**Aim of the task**.
From the line that contains "WISHING FOR LAND" down to the last line of the data below, restate every line word for word, skipping any images.

**Data section**.
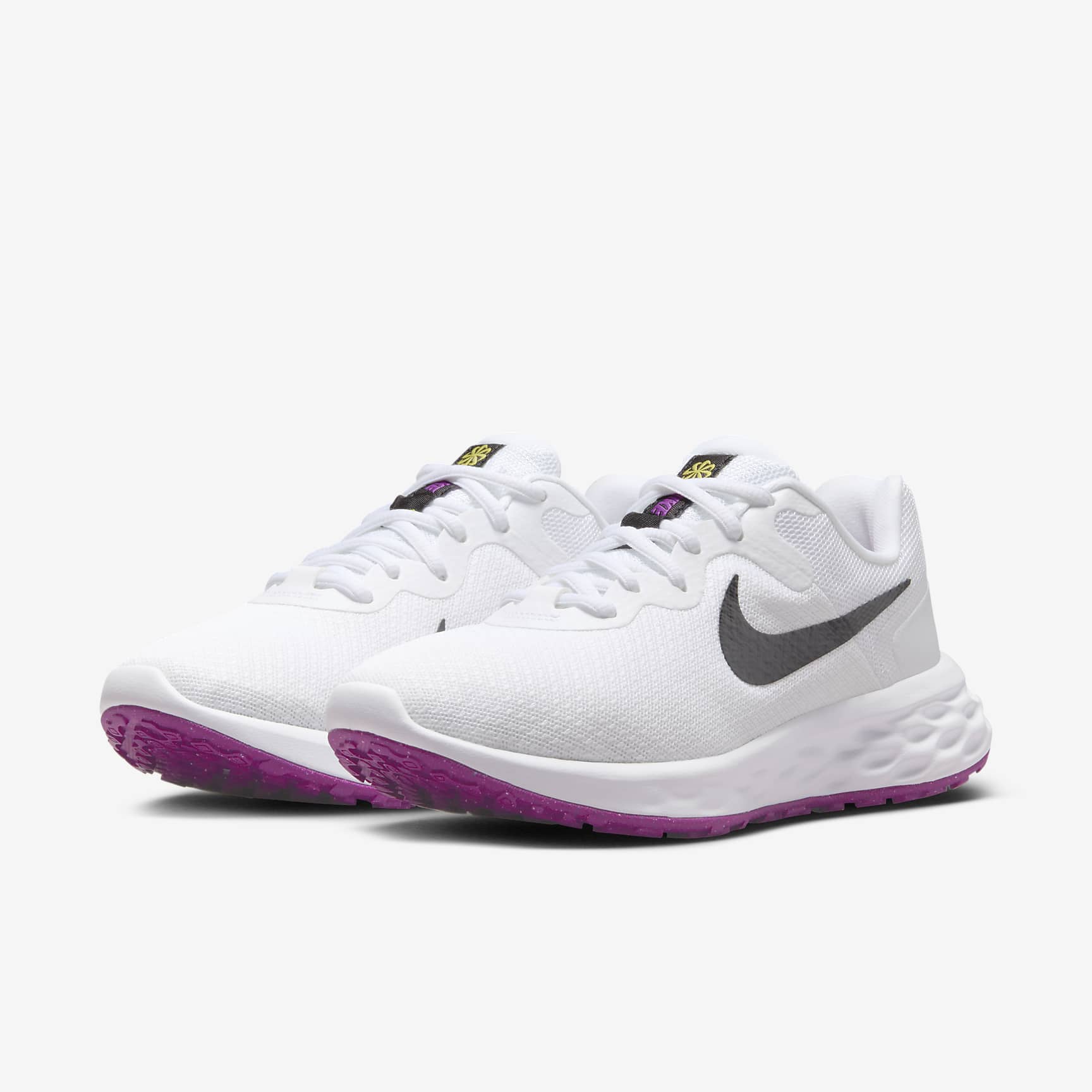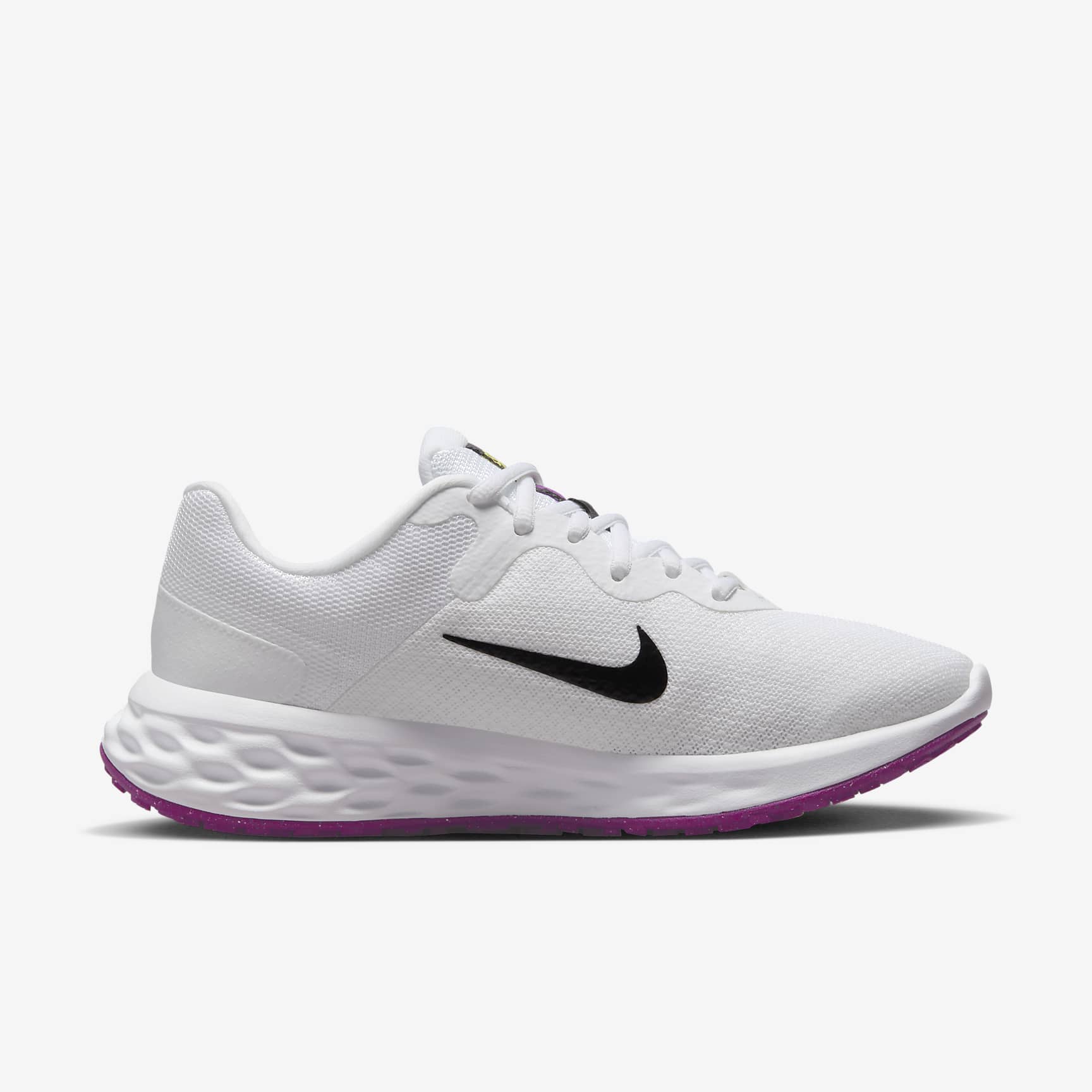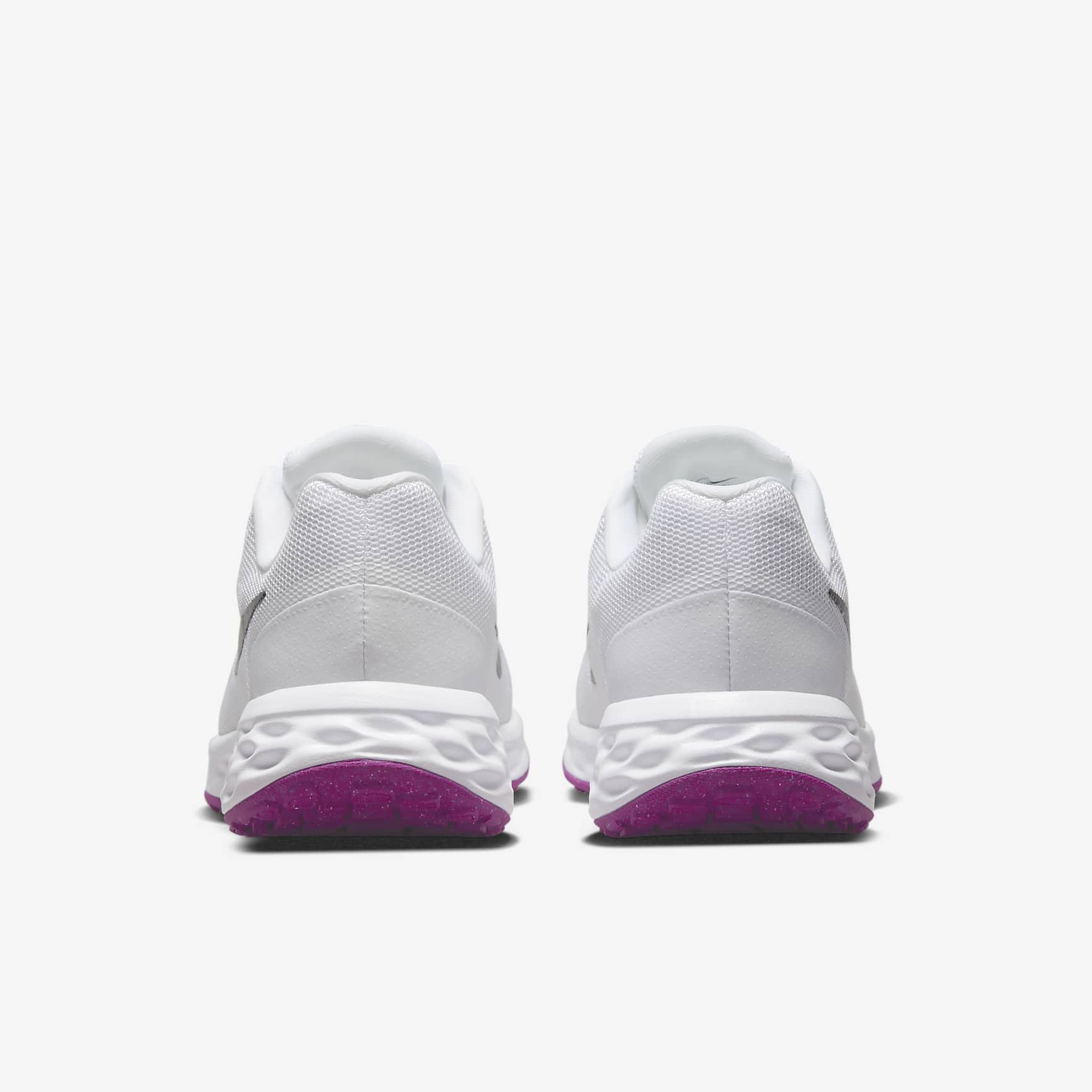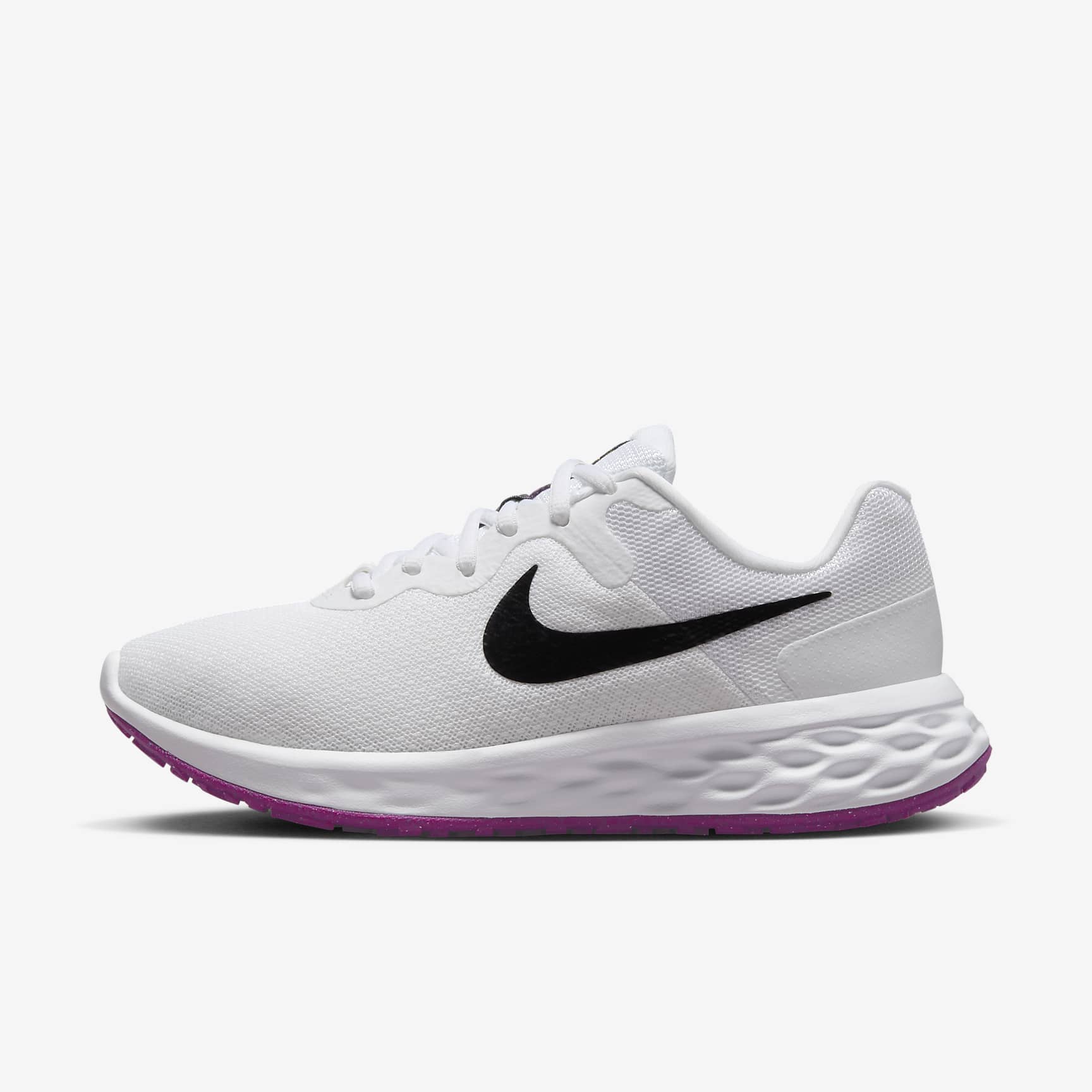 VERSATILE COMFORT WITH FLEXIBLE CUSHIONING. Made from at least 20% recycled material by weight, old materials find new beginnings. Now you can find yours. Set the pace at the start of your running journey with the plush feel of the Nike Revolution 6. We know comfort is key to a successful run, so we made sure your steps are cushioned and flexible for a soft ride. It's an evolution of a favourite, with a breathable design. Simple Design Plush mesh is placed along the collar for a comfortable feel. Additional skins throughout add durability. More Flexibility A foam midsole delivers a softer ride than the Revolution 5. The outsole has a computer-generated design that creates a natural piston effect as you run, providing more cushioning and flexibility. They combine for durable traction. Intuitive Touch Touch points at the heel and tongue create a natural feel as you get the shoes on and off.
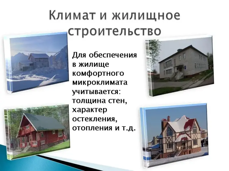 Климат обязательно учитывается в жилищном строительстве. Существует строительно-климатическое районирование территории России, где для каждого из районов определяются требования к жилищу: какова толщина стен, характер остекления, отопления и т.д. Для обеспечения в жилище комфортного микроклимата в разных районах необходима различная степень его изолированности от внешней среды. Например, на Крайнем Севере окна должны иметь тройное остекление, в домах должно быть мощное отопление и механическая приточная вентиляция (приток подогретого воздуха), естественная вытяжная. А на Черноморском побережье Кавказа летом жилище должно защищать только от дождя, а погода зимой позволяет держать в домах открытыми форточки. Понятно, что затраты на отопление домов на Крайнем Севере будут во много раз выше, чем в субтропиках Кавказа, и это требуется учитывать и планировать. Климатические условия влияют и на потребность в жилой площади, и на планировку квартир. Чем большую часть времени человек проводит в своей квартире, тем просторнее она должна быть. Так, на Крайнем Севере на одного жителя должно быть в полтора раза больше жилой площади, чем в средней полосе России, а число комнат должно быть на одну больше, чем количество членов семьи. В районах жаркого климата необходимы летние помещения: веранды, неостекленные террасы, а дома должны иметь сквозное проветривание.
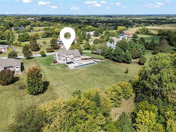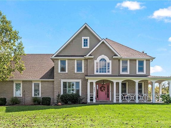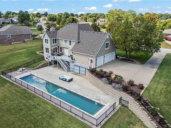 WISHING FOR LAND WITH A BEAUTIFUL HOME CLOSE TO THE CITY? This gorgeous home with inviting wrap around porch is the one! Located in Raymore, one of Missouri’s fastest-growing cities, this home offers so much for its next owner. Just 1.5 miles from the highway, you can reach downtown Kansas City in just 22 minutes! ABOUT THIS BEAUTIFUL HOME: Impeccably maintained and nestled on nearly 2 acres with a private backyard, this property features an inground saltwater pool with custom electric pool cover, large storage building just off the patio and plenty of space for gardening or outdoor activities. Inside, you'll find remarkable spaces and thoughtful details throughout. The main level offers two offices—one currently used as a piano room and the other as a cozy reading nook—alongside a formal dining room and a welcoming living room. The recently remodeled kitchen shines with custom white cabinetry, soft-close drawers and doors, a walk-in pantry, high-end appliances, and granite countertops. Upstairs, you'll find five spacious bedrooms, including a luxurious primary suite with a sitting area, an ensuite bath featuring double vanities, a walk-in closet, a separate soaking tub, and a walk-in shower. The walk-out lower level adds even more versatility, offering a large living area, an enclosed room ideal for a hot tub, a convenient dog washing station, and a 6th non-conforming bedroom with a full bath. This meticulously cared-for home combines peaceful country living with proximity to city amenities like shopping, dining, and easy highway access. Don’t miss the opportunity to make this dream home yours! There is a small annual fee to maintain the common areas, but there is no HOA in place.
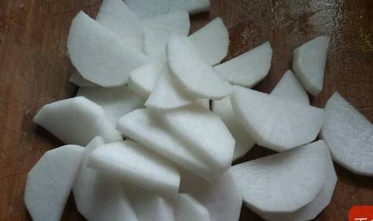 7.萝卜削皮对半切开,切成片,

**Answer box**.
 WISHING FOR LAND WITH A BEAUTIFUL HOME CLOSE TO THE CITY? This gorgeous home with inviting wrap around porch is the one! Located in Raymore, one of Missouri’s fastest-growing cities, this home offers so much for its next owner. Just 1.5 miles from the highway, you can reach downtown Kansas City in just 22 minutes! ABOUT THIS BEAUTIFUL HOME: Impeccably maintained and nestled on nearly 2 acres with a private backyard, this property features an inground saltwater pool with custom electric pool cover, large storage building just off the patio and plenty of space for gardening or outdoor activities. Inside, you'll find remarkable spaces and thoughtful details throughout. The main level offers two offices—one currently used as a piano room and the other as a cozy reading nook—alongside a formal dining room and a welcoming living room. The recently remodeled kitchen shines with custom white cabinetry, soft-close drawers and doors, a walk-in pantry, high-end appliances, and granite countertops. Upstairs, you'll find five spacious bedrooms, including a luxurious primary suite with a sitting area, an ensuite bath featuring double vanities, a walk-in closet, a separate soaking tub, and a walk-in shower. The walk-out lower level adds even more versatility, offering a large living area, an enclosed room ideal for a hot tub, a convenient dog washing station, and a 6th non-conforming bedroom with a full bath. This meticulously cared-for home combines peaceful country living with proximity to city amenities like shopping, dining, and easy highway access. Don’t miss the opportunity to make this dream home yours! There is a small annual fee to maintain the common areas, but there is no HOA in place.
 7.萝卜削皮对半切开,切成片,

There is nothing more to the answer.